Inhibitory effects of curcumin on passive cutaneous anaphylactoid response and compound 48/80-induced mast cell activation

Abstract

Mast cells participate in allergies and inflammation by secreting a variety of pro-inflammatory mediators. Curcumin, the active component of turmeric, is a polyphenolic phytochemical with anti-tumor, anti-inflammatory, anti-oxidative, and anti-allergic properties. The effects of curcumin on compound 48/80-induced mast cell activation and passive cutaneous anaphylactoid reactions are unknown. In this report, we investigated the influences of curcumin on the passive cutaneous anaphylactoid response in vivo and compound 48/80-induced mast cell activation in vitro. The mechanism of action was examined by calcium uptake measurements and cAMP assays in mast cells. Curcumin significantly attenuated the mast cell-mediated passive cutaneous anaphylactoid reaction in an animal model. In agreement with this in vivo activity, curcumin suppressed compound 48/80-induced rat peritoneal mast cell (RPMC) degranulation and histamine release from RPMCs. Moreover, compound 48/80-elicited calcium uptake into RPMCs was reduced in a dose-dependent manner by curcumin. Furthermore, curcumin increased the level of intracellular cAMP and significantly inhibited the compound 48/80-induced reduction of cAMP in RPMCs. These results corroborate the finding that curcumin may have anti-allergic activity.

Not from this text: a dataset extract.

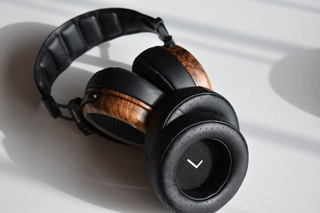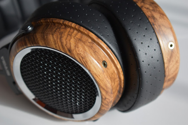 Las copas están hechas de madera Zebra, con horquillas de metal y bastante ajuste en cuanto a ángulo y giro. La diadema es de metal con una correa de confort debajo, sin embargo, esta es una de las primeras "cosillas", la longitud de la diadema y correa. En mi caso tengo que utilizar la correa ajustada a su máxima longitud. Esto es suficiente para mi personalmente y tengo la cabeza bastante grande, pero si tienes la cabeza más grande que yo, puede que lo encuentres un poco corto. De nuevo, no es mi caso pero es algo a tener en consideración.

Keywords: Anaphylactoid reaction; Calcium; Curcumin; Histamine; Mast cell.

Fig. 1

Effect of curcumin on rat peritoneal mast cell (RPMC) viability. RPMCs were treated with the various concentrations of curcumin for 2 hours. RPMC viability was determined by MTT assay and the percentage of viability was calculated as a ratio of A₅₇₀ of control cells (treated with HEPES-Tyrode buffered solution). Each data value represents the mean±S.E.M. of five independent experiments.

Fig. 2

Inverted light micrographs of rat peritoneal mast cell (RPMC, arrows). (A) The normal RPMC in HEPES-Tyrode buffered solution. (B) The Degranulated RPMC after the addition of compound 48/80. (C) The RPMCs observed within 10 minutes after the addition of curcumin (50 µM) show similar findings as seen in Fig. 2A. (D) The RPMCs pretreated with curcumin observed within 10 minutes after the addition of compound 48/80, show similar findings as seen in Fig. 2C. Bars=10 µm.

Fig. 3

Effect of curcumin on compound 48/80-induced histamine release from rat peritoneal mast cell (RPMC). RPMCs were preincubated with curcumin at 37℃ for 5 minutes prior to the incubation with compound 48/80. Curcumin dose-dependently inhibited compound 48/80-induced histamine release. Each data value represents the mean±S.E.M. of five independent experiments. ^*P<0.001, significantly different from the control value. C48/80: compound 48/80.

Fig. 4

Effect of curcumin on compound 48/80-induced calcium uptake into rat peritoneal mast cell (RPMC). RPMCs were preincubated with curcumin at 37℃ for 5 minutes prior to the incubation with compound 48/80. Curcumin dose-dependently inhibited compound 48/80-induced calcium uptake into RPMCs. Each data value represents the mean±S.E.M. of five independent experiments. ^*P<0.05, significantly different from the control value. C48/80: compound 48/80.

Fig. 5

Effect of curcumin on the compound 48/80-induced decrease of cAMP level in rat peritoneal mast cell (RPMC). Various concentrations of curcumin were added into the RPMCs suspension for 5 minutes, and cAMP levels were measured. Curcumin inhibited the compound 48/80-induced cAMP reduction of RPMCs in a dose-dependent manner. Each data value represents the mean±S.E.M. of five independent experiments. ^*P<0.05 and ^†P<0.001, significantly different from the normal value; ^‡P<0.001, significantly different from the control value. C48/80: compound 48/80.